Australia will need to work fast to remodel its workforce for net-zero industries and other economic and strategic shifts, warns the head of the nation's jobs and skills agency.
As debate continued in parliament on the government's signature Future Made in Australia policy, Jobs and Skills Australia commissioner Barney Glover said post-secondary education needs rebalancing to meet the economy's changing needs.
"To be a clean energy superpower, to leverage AUKUS pillar two ... we must rebalance," he told the National Press Club on Wednesday.
Revitalising the manufacturing base, and taking advantage of Australia's plentiful renewable resources to turbocharge clean industries, are central to the government's Future Made in Australia agenda.
Professor Glover said 38 clean-energy occupations were already in short supply or on track for shortages over the next decade.
These include electricians, of which there was already a 32,000 shortfall.
The field was heavily male-dominated with women making up two per cent of workforce, Prof Glover said.
Workforces without a balanced gender split were more likely to experience labour shortages, he explained.
"It comes back to our school system ... it comes back to improving outcomes there, encouraging more people into post-secondary education.
"It's a huge challenge."
Under the Future Made in Australia strategy, $22 billion over 10 years will go towards safeguarding Australian control over the resources and manufacturing sectors.
The coalition is set to oppose the manufacturing plan, with shadow treasurer Angus Taylor describing the scheme as pork barrelling.
"The more we learn about this plan, the more it simply doesn't stack up," he said.
"It's a plan for more government, not more business investment. It's a plan for more inflation at a time when Labor is already making its homegrown inflation worse."
Prime Minister Anthony Albanese said as other nations moved towards net-zero economies, Australia had the opportunity to be a leading player in the transition.
"We can choose to carry on as we are, to stay in our lane and be satisfied with our lot and watch the world move past us, or we can actually move forward," Mr Albanese told parliament on Wednesday.

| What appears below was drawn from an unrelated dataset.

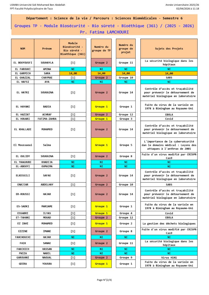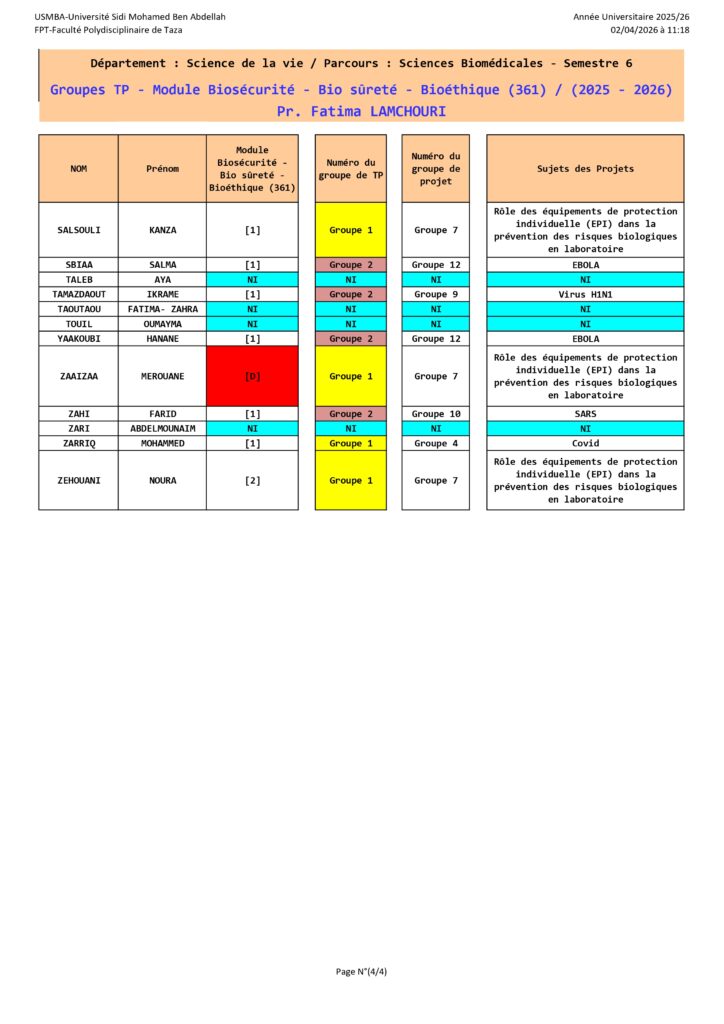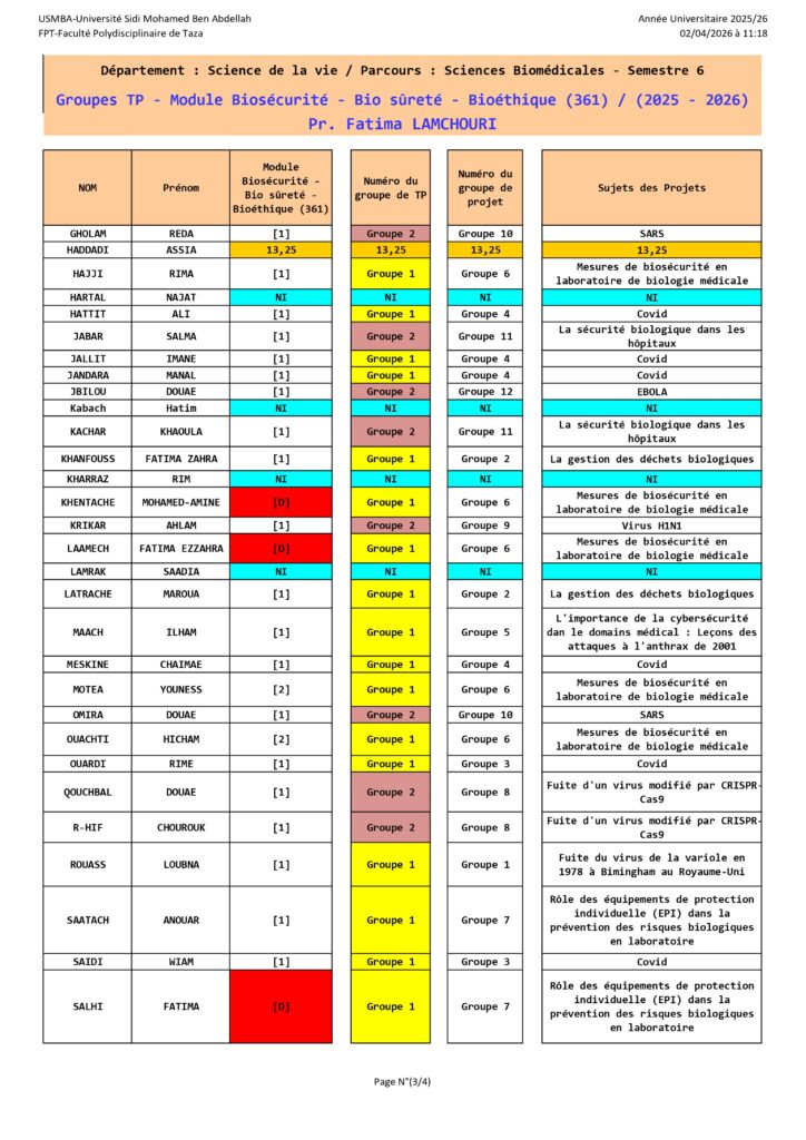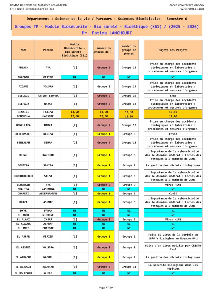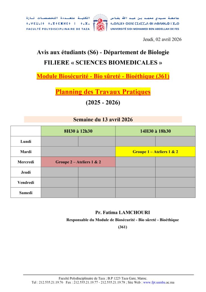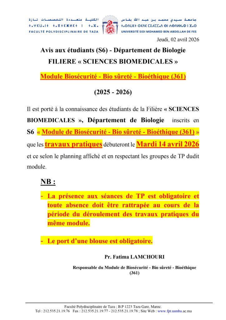 Avis aux étudiants de la Filière « Sciences Biomédicales » Travaux pratiques du  Module Biosécurité – Bio sûreté – Bioéthique – S6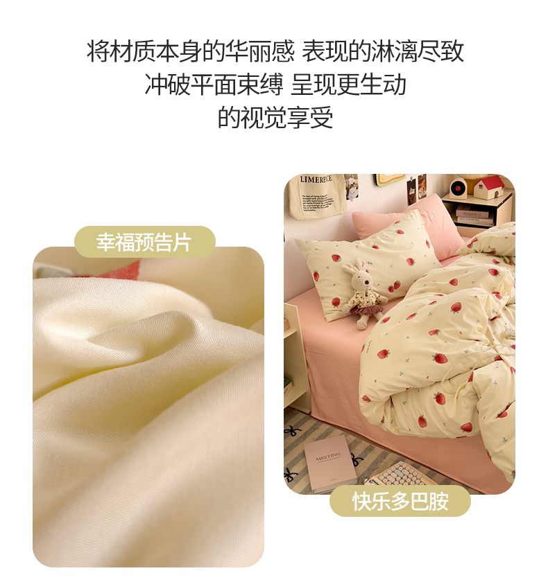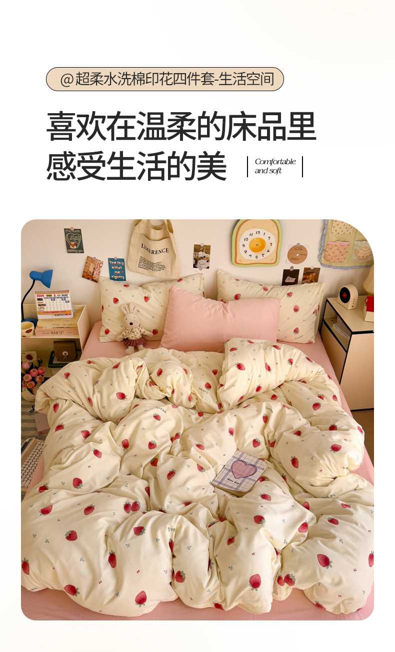 当前位置: 91家纺网 > 商品网购 > 床品套件 > 四件套 > 水洗棉四件套 > 水墨江南 2025新款超柔水洗棉系列四件套 甜心草莓

"This is the decisive decade for our nation's future. We are in our moment right now, and we must seize it."
Projects funded under the strategy would be determined by a national interest framework, and ensure jobs would be safe and well paid.
The manufacturing strategy formed the centrepiece of the government's federal budget handed down in May.
Greens leader Adam Bandt called the legislation an "election slush fund for more coal and gas", urging the government to guarantee the measures won't be used to finance fossil fuel projects.
"There's nothing in this legislation that rules out public money going to more coal and gas or to the infrastructure that supports it," he said.
The Greens are yet to commit to a formal position on the fund, but will decide after a parliamentary inquiry into the legislation.
The Future Made in Australia laws were essential to the future of the economy, Clean Energy Council chief executive Kane Thornton said.
"These new industries provide an opportunity to build a new economic foundation for Australia that can ultimately substitute declining international demand for and revenues from, fossil fuels," he said.